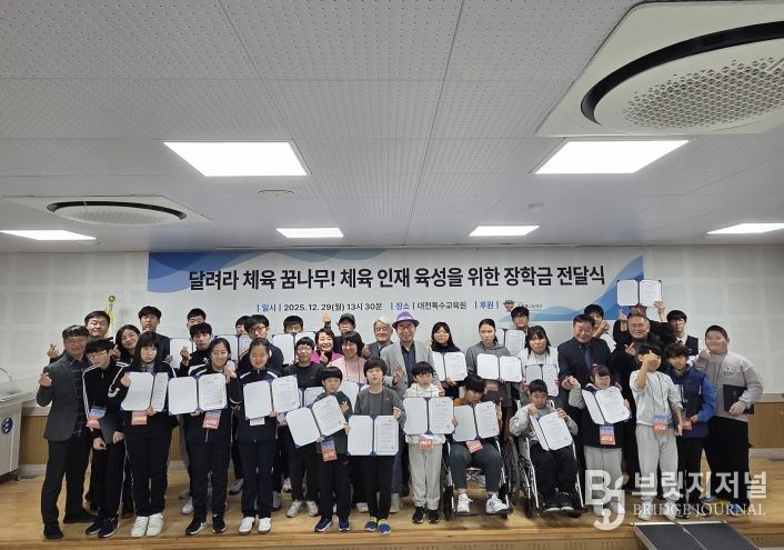 브릿지저널 정보영 기자 | 대전특수교육원은 12월 29일 본원과 한밭수목원 엑스포시민광장에서 장애학생 육상 종목 특기생과 미래 육상 꿈나무 63명을 대상으로 (재)조웅래나눔재단(이사장 조웅래)으로부터‘체육(육상) 종목 미래인재 장학금 전달식 및 달리기 행사’를 개최하고, 장학증서를 수여했다
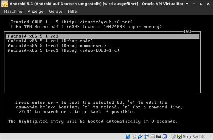 Die Virtuelle Maschine ist nun fertig konfiguriert und kann gestartet werden. Die virtuellen Festplatten sind 100 GB groß, jedoch so eingestellt, dass die tatsächliche Größe der Datenmenge entspricht. Das bedeutet auf der Festplatte des Hostsystems benötigt die VDI oder VMDK Datei sehr wenig Platz, kann aber im Fall von Android 5.1 bis zu 100 GB groß werden.
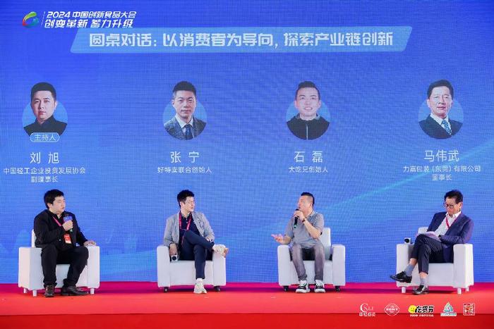 在“以消费者为导向,探索产业链创新”圆桌对话环节,中国轻工企业投资发展协会副理事长刘旭与好特卖联合创始人张宁,大吃兄创始人石磊,力嘉包装(东莞)有限公司董事长马伟武等嘉宾共同探讨,洞悉消费者内心真正的需求,探寻企业的创新方向,为企业注入新活力带来启发。

• Task details
The finished copy should match the data above word for word and contain no pictures.

• Result
 브릿지저널 정보영 기자 | 대전특수교육원은 12월 29일 본원과 한밭수목원 엑스포시민광장에서 장애학생 육상 종목 특기생과 미래 육상 꿈나무 63명을 대상으로 (재)조웅래나눔재단(이사장 조웅래)으로부터‘체육(육상) 종목 미래인재 장학금 전달식 및 달리기 행사’를 개최하고, 장학증서를 수여했다
 Die Virtuelle Maschine ist nun fertig konfiguriert und kann gestartet werden. Die virtuellen Festplatten sind 100 GB groß, jedoch so eingestellt, dass die tatsächliche Größe der Datenmenge entspricht. Das bedeutet auf der Festplatte des Hostsystems benötigt die VDI oder VMDK Datei sehr wenig Platz, kann aber im Fall von Android 5.1 bis zu 100 GB groß werden.
 在“以消费者为导向,探索产业链创新”圆桌对话环节,中国轻工企业投资发展协会副理事长刘旭与好特卖联合创始人张宁,大吃兄创始人石磊,力嘉包装(东莞)有限公司董事长马伟武等嘉宾共同探讨,洞悉消费者内心真正的需求,探寻企业的创新方向,为企业注入新活力带来启发。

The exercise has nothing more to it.